CER-ETH Research Seminar, Spring Term 2012

The CER-ETH Research Seminar takes place on Mondays during term time from 5:15 pm to 6:45 pm at ETH Zurich, Room ZUE G1 (Zürichbergstr. 18). Per term we invite 6 to 7 internationally known speakers to present and discuss their work.

Programme

Everyone who is interested is cordially invited!

If you would like to receive our weekly invitation via e-mail, or if you have any other question, please contact Jean-Philippe Nicolai

Speakers

Alexander Muermann

Insurance contracts are often complex and difficult to verify outside the insurance relation. We show that standard one-period insurance policies with an upper limit and a deductible are the optimal incentive-compatible contracts in a competitive market with repeated interaction. Optimal group insurance policies involve a joint upper limit but individual deductibles and insurance brokers can play a role implementing such contracts for the group of clients. Our model provides new insights and predictions about the determinants of insurance.

DownloadFull Paper (PDF, 207 KB)

Pascal St-Amour

Despite evidence of correlations between financial and medical statuses and decisions, most models treat financial and health-related choices separately. This paper bridges this gap by proposing a tractable dynamic framework for the joint determination of optimal consumption, portfolio holdings, medical expenditures and health insurance.
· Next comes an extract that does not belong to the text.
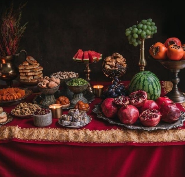 ۵- طراحی یک فضای یلدایی در فضای بیرون منزل برای عکاسی یلدا

We solve for the optimal rules in closed form and capitalize on this tractability to gain a better understanding of the conditions under which separation between financial and health-related decisions is sensible, and of the pathways through which wealth and health determine allocations, welfare and other variables of interest such as expected longevity or the value of health. Furthermore we show that the model is consistent with the observed patterns of individual allocations and provide realistic estimate of the parameters that confirm the relevance of all the main characteristics of the model.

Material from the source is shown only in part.